Louis Guédet
Vendredi 13 août 1915
335ème et 333ème jours de bataille et de bombardement
6h soir Du canon toute la nuit, qui a été pluvieuse et fraîche. J’ai reposé quand même. Ce matin temps couvert et devenant de plus en plus lourd et orageux au fur et à mesure que la journée s’avance et actuellement c’est de l’orage. Tous les jours des orages formés qui éclataient sur la ville et aux alentours comme si nous n’avions déjà pas assez du cataclysme de la Guerre. Fait des courses, écrit de nombreuses lettres. Je me fatigue beaucoup maintenant et à pareille heure je suis d’une tristesse extraordinaire, il en est ainsi chaque jour depuis quelques temps, ce m’est une vraie souffrance.
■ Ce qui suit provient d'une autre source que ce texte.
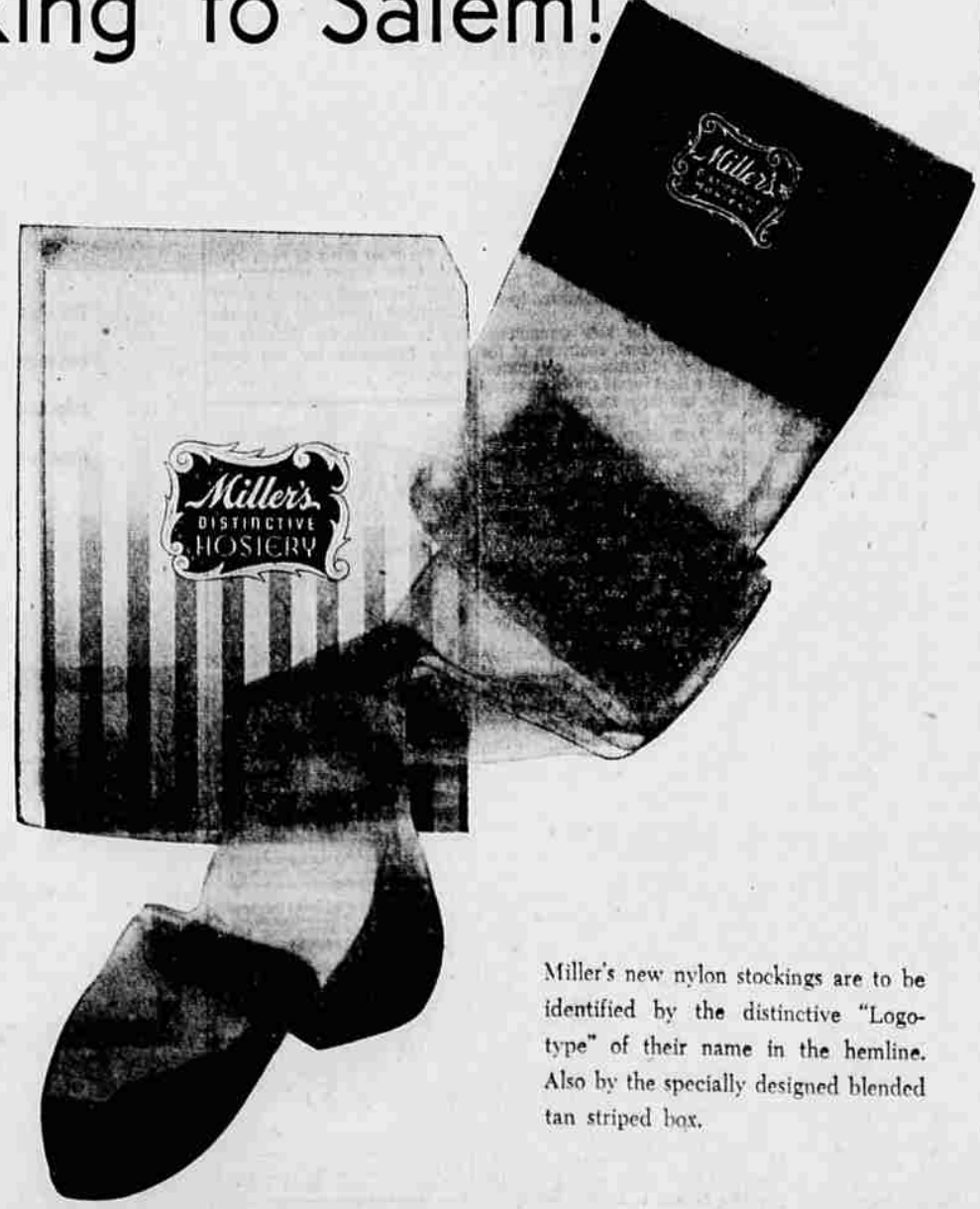
Miller's new nylon stockings are to be identified by the distinctive "Logo-type" of their name in the hemline. Also by the specially designed blended tan striped box.
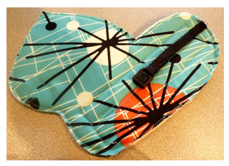
Step 4) Place 6" webbing end (with button release side facing UP) where indicated and stitch in place at fabric edge ONLY for now.

Je suis si seul, si abandonné ! et malgré l’effort que je fais pour m’occuper je ne puis vaincre cette tristesse, cette angoisse. Mon Dieu quand donc enfin verrai-je la fin de cette épreuve ??
Malgré tout, si Reims n’est pas dégagé avant le 15 septembre, il me faudra quitter absolument mes ruines. Si j’y restais j’y mourrais de chagrin. Et puis ailleurs je pourrais avoir un clerc ou 2 et travailler utilement, et enfin je ne serais plus dans des ruines, dans l’eau, dans un tombeau. Mon Dieu ! aurai-je la force physique et même morale de passer encore un hiver sous le feu, séparé de tout et de tous. Exigez-vous encore de moi cette prolongation de martyr ?
Impressions, Louis Guédet, Notaire et Juge de Paix à Reims. Récits et impressions de guerre d'un civil rémois 1914-1919, journal retranscrit par François-Xavier Guédet son petit-fils
Cardinal Luçon
Nuit tranquille sauf quelques gros coups de canons et bombes peut-être, mais assez loin de nous. Matinée silencieuse sauf quelques coups de canons.
Petit orage vers 2 h. et 5 h. Visite aux Petites Sœurs des Pauvres, et à l’Orphelinat Rœderer pour renseignements, avec M. Compant.
Cardinal Luçon dans son Journal de la Guerre 1914-1918, éd. par L’Académie Nationale de Reims – 1998 – TAR volume 173
Vendredi 13 août
Canonnade autour de Souchez et de Neuville-en-Artois.
En Argonne, l’ennemi a attaqué deux fois nos tranchées près de Marie-Thérèse et de la Fontaine-aux-Charmes. Il a subi un échec complet. Nous avons, d’autre part, regagné une partie de l’élément de tranchée que nous avions perdu près de la route Binarville-Vienne-le-Château. Canonnade en Woëwre septentrionale, au bois Le Prêtre et dans les Vosges. Au Lingekopf, une attaque allemande a été repoussée.
Les Russes ont eu un avantage près de Riga, sur la rivière Eckau. A Schoeneberg, ils ont également repoussé l’ennemi. A Kovno, ils ont anéanti trois bataillons; ils offrent une résistance tenace de la Narew au Bug et arrêtent l’offensive de leurs adversaires près de Novo-Georgievsk. Ils ont encore un succès sur la Wieprz. Un combat se livre, très acharné, sur le Dinester, au confluent de la Stripa. Les critiques militaires envisagent l’éventualité d’une tentative allemande sur Petrograd.
Les contre-attaques autrichiennes ont été repoussées par les Italiens dans le Cadore et près de Plava. Nos alliés ont recueilli de nouveaux avantages dans le Carso.
Un sous-marin autrichien a été torpillé dans l’Adriatique par un sous-marin italien.
Un croiseur auxiliaire allemand, menacé par une flottille britannique, s’est fait sauter en mer du Nord.
Les alliés ont progressé à Gallipoli.